When using Jupyter, I have to install python modules with Conda and not cmd prompt. Why?

I'm pretty new to programming so forgive my ignorance.
When installing certain python packages/modules in the cmd prompt I am able to import them fine when using Jupyter Notebook. But some modules Jupyter Notebook cannot import without installing via Conda first. Why is this?
The problem seems to be related to system and environment that you are using and not the programming :)
Since you are a beginner, let us understand the concepts first rather than solving the problem.
Python code is run on an interpreter that is installed on your machine.
Jupyter is a web application that takes code using a given language's interpreter. So Jupyter, on its own doesn't run your code. It uses the interpreter installed on a system(your local machine).
Conda is a package manager and also an environment manager. That means using conda, you can create a virtual environment on your machine and that virtual environment can have its own installation of an interpreter.
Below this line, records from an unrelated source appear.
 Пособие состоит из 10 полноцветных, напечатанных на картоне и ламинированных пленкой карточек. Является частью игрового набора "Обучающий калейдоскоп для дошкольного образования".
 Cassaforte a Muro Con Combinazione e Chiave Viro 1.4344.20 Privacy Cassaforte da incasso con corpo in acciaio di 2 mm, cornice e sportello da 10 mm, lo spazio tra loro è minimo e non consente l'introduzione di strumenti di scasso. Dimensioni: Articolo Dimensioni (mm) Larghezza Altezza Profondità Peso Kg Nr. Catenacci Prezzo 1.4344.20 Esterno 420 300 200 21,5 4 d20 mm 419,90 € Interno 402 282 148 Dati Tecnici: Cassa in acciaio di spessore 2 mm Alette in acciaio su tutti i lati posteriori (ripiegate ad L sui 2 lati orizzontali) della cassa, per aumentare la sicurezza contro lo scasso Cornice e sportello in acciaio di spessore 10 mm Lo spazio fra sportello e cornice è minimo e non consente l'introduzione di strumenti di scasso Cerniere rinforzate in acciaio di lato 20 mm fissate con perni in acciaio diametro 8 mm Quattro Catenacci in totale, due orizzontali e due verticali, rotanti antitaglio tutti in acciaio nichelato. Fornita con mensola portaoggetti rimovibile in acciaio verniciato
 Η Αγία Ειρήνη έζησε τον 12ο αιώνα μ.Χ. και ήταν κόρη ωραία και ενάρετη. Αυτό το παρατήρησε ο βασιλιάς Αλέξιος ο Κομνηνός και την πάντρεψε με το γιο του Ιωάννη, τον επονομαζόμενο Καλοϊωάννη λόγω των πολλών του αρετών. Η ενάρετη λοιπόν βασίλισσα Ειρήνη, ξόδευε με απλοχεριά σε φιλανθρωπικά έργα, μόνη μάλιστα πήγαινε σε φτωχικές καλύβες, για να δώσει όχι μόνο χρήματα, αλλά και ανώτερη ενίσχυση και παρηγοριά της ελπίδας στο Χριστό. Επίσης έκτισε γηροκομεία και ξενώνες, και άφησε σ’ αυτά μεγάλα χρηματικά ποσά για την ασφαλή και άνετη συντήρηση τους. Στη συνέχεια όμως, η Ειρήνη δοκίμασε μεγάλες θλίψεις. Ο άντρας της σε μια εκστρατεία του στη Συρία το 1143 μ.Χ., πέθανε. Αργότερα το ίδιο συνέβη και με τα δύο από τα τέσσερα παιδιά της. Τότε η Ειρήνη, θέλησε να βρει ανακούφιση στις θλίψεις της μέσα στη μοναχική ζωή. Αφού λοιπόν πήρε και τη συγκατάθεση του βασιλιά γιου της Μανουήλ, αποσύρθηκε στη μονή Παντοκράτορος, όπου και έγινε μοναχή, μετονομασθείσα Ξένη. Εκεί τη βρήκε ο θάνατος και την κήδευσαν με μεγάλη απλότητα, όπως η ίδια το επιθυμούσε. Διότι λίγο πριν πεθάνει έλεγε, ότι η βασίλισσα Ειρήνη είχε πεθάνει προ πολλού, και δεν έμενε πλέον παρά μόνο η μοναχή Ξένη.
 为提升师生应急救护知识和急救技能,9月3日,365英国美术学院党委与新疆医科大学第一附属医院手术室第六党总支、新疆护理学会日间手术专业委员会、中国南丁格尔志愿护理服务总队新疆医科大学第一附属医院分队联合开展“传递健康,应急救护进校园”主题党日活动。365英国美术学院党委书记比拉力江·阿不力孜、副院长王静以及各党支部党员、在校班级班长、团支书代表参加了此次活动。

This virtual environment can have its own copy of the packages/modules as well.
Now comes the best part: The jupyter notebook can be asked to use any of the interpreters including the ones installed on a virtual environment.
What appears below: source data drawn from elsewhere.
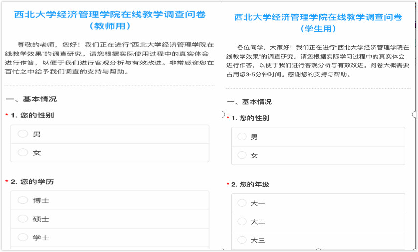 二是对开学首日的在线教学效果进行了问卷调查。针对课前资料发放、课中讨论互动和课后作业布置等三个影响线上教学质量的关键点,学院使用问卷星设计了《永利yl23411no1在线教学调查问卷(教师用)》和《永利yl23411no1在线教学调查问卷(学生用)》,从教师和学生两方面综合评估线上教学效果。首日课程结束后,共收到21份教师和1100余份学生的有效问卷。通过对问卷调查结果的分析,将首日在线教学中存在的问题及时反馈给教师。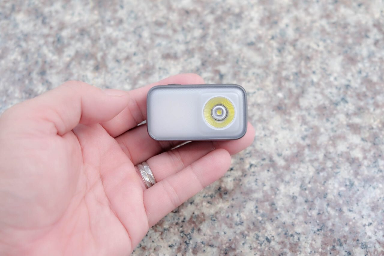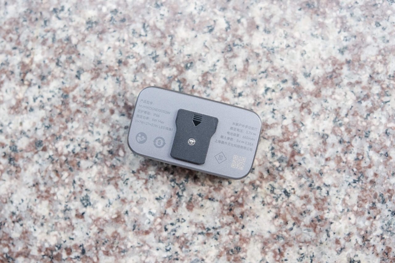 接着看看米家户外多功能灯,本体,给人的第一印象就是极致小巧。它的尺寸仅为57毫米长、32毫米宽、23.4毫米厚,重量更是控制在大约86克。拿在手上,这种轻盈感让人很难相信它集成了强大的照明功能,无疑为日常携带或户外徒步减轻了负担。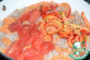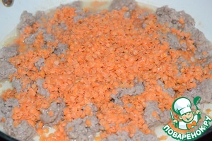 В сковороду к фаршу добавить чечевицу. Обжарить в течении 3 минут.

So most likely, you are running the jupyter notebook from an environment which doesn't have the required dependencies. So either run the jupyter notebook outside the environment or install the required packages in the environment where your jupyter notebook is running.
To know which environment is being used by your jupyter notebook, run below lines from the jupyter notebook cell:
import sys
sys.executable
If you don't get something like /usr/bin/python then the jupyter is running inside an environment. So you have to install all the packages/modules inside that environment only.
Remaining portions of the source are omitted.